Written by Meg Sanah
Q1. Why do I need a Mentor?
Before we get into how to find the perfect mentor, let’s discuss why you should have a mentor as a nurse in the first place. If you’ve finished nursing school, you may be thinking that you’ve got the whole nursing thing down and that you don’t need any assistance. But entering the world of healthcare as a working nurse is much different than simply learning about it. There are minefields of ethics, new skills, and personal growth that need to be navigated. Having a co-pilot to help is incredibly beneficial. A great mentor will be able to handle stress well (and share with you some stress management techniques), excel in their field with both knowledge and practice, be passionate about nursing, and be supportive and patient as you encounter new challenges.
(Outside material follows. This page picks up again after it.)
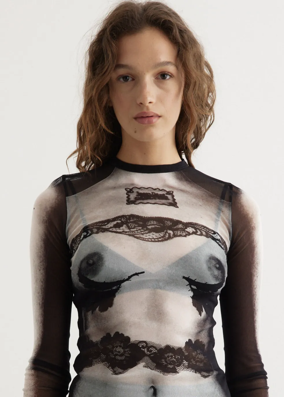 Established in 1976, Jean Paul Gaultier is a trailblazer in the fashion world, known for its bold and comprehensive approach to design. The brand is renowned for its iconic pieces that effortlessly blend sensuality, drama, and sophistication in both ready-to-wear and haute couture collections. The Mesh Long Dress is cut to a maxi length and a slim fit, adorned with an all-over seasonal “Body Lace Mariniere” print.

So now you know why you need one, here’s how to find one. Just follow these simple steps:
Q2. What does success look like?
We just went over the benefits of having a mentor, but it’s also important to isolate your own personal reasons for wanting a mentoring experience. When you find the right person you would like to mentor, you should be able to give specific things that you are looking to get out of the experience. Your focus may be on learning from the best to excel in nursing; you might want to learn how to develop yourself personally while working in such a demanding field; perhaps you are looking for networking opportunities to make good professional connections. Whatever your reasons are, there is a person out there who will suit your needs and mentor you to success.
“A mentor is someone who sees more talent and ability within you, than you see in yourself, and helps bring it out of you.”
— Bob Proctor.
Q3. What solutions do I want from my mentor?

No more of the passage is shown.